The horrible tragedy of Tyler Clementi’s suicide — doubtless precipitated by the cruel acts of a classmate in taping the young man’s private sexual activity, then posting it on the internet — has stirred an animated and at times angry debate over the appropriate criminal sanctions. The acts are clearly crimes in themselves (with five years’ imprisonment the stiffest penalty for the unconsented posting), but some have asked, rightly, whether the actions could also be charged under the law of involuntary homicide.
While this would be difficult, it’s not impossible: the prosecution would have to prove that the actions were reasonably foreseeable as a result of the bullying. Not so easy to establish, and I’m guessing the prosecutor will shy away from a case that’s so hard to prove. And I’m not sure that I think that punishment would really fit the crime.

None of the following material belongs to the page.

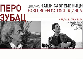 U sredu 2. juna od 19.00 časova velika sala SKC, održaće se poetsko-muzičko veče PERO ZUBAC: RAZGOVORI SA GOSPODINOM, u okviru ciklusa: Naši savremenici; učestvuju: Miloš Zubac i Pero Zubac. „Stvoriti Nešto, a da Ono nosi Xarmoniju! Sa kakvom neizdržljivom lakoćom to Zupcu polazi za perom! To je, kako on kaže, val koji donosi mir. Čitajući ga, čovek ima utisak da je u njemu stalno u opasnosti da otpadne u neke svoje bezdane jedan sakriveni deo nematerije, da ga Pero čvrsto uz sebe priljubljuje i ne dozvoljava mu samostalnost jer, bez tog dela, on je samo Pesnik, ranjiv i porozan.
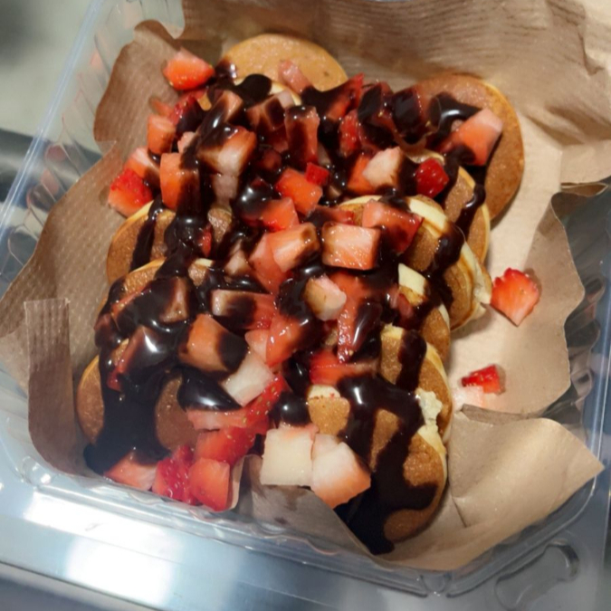25 piezas de mini hotcakes bien calientitos preparados con los toppings de tu preferencia

But…I’ve not yet seen much discussion of the Clementi family’s civil law remedies. Under the law of torts, Clementi had claims for invasion of privacy (for both the intrusion on his seclusion, as the tort is called, and for the publication of private facts) as well as for the tort of either intentional or negligent infliction of emotional distress (the former is the much stronger case here). Under the law in most states, these claims passed to his estate (probably his parents) upon his death.
The death itself is actionable as a wrongful death, allowing certain classes of beneficiaries (his parents, possibly any siblings) to recover for the value of his life to them. (Such damages include any actual cash value they could have expected to receive, and, in many states, any emotional loss as well.)
Finally, since the actions were intentional and especially egregious, punitive damages (to punish and to deter future, similar wrongdoing) might also be available.
Of course, Tyler’s parents may not wish to pursue these remedies, legitimately thinking that doing so would force them to relive the tragedy and details they’d sooner forget. But the claims are there, and the tort law, like the criminal law, can serve as a powerful deterrent to the next idiot who thinks this kind of thing is funny.